I'm all about the clean these days ....

No, not the kettlebell clean, though there has been some of that happening as well. More on that later.

I think I mentioned a couple posts down that I'm looking to lose some weight/body fat. Not a lot, just five pounds or so. Maybe not even that. I have roughly 100 pounds of lean mass, so my body fat percentage is already down in the teens. Plenty lean, but I'm used to myself a little leaner and a little lighter.

It has been some time since I've had to give much thought to my weight. When I was around 40 it finally clicked for me that starch is really not my friend, and once that piece fell into place it became easy for me to achieve and maintain a very lean (>15%) body composition.

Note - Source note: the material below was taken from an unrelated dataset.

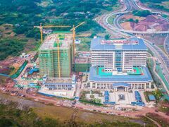 自貢網(wǎng)自貢網(wǎng)記者 卜一珊 攝影 宋姿熠 10月10日上午,隨著最后一方混凝土澆筑完畢,自貢市老年病醫(yī)院建設(shè)項(xiàng)目二期工程主體結(jié)構(gòu)正式封頂,比原計(jì)劃主體封頂時(shí)間提前45天。此次封頂,意味著該項(xiàng)目主體結(jié)構(gòu)施工已完成,正式進(jìn)入室內(nèi)外裝修及安裝工程階段,預(yù)計(jì)2023年12月底竣工并投入使用。 據(jù)悉,該項(xiàng)目是省、市級(jí)重大項(xiàng)目,位于貢井區(qū)長土鎮(zhèn)石牛村,占地面積25畝,建筑面積6.2萬平方米,總投資近3億元,設(shè)置床位
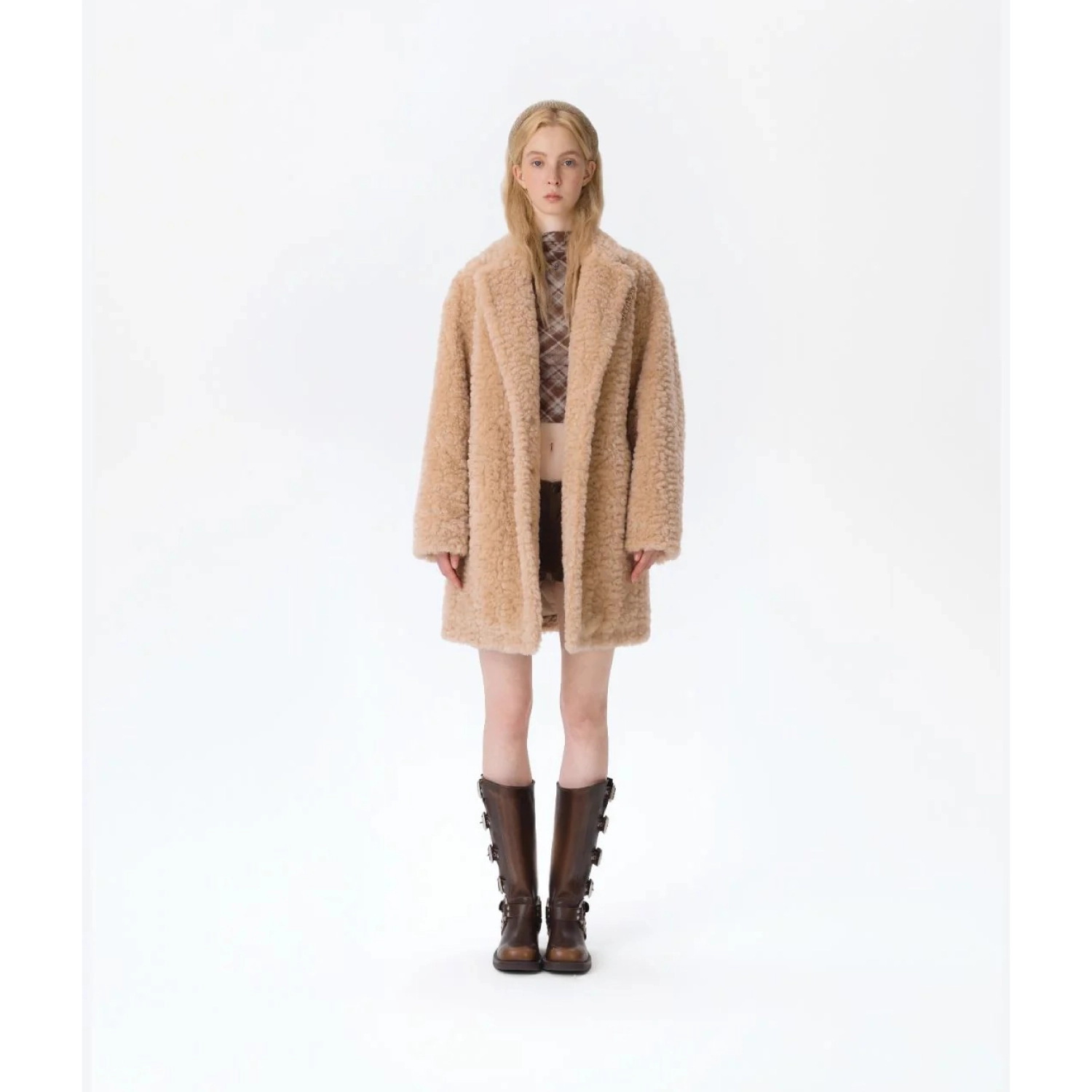 13DE MARZO Bear Fuzzy Long Coat Khaki

Of course I pretty much knew that I couldn't count on that happy state of affairs continuing indefinitely and, sure enough, as my 47th birthday drew near it became obvious to me that my metabolic free ride was coming to a close. Even though I was working out hard and eating no more than usual, my weight was creeping inexorably upward. And it wasn't because I was building muscle. I've been lifting serious weights for long enough that I pretty much know I'm not going to be adding an appreciable amount of muscle unless someone slips me some steroids, and anyway I haven't been training for mass. Besides, my waist was getting thicker and my thighs were losing some of their definition ... and if those aren't signs of fat gain then I'm Jillian Michaels.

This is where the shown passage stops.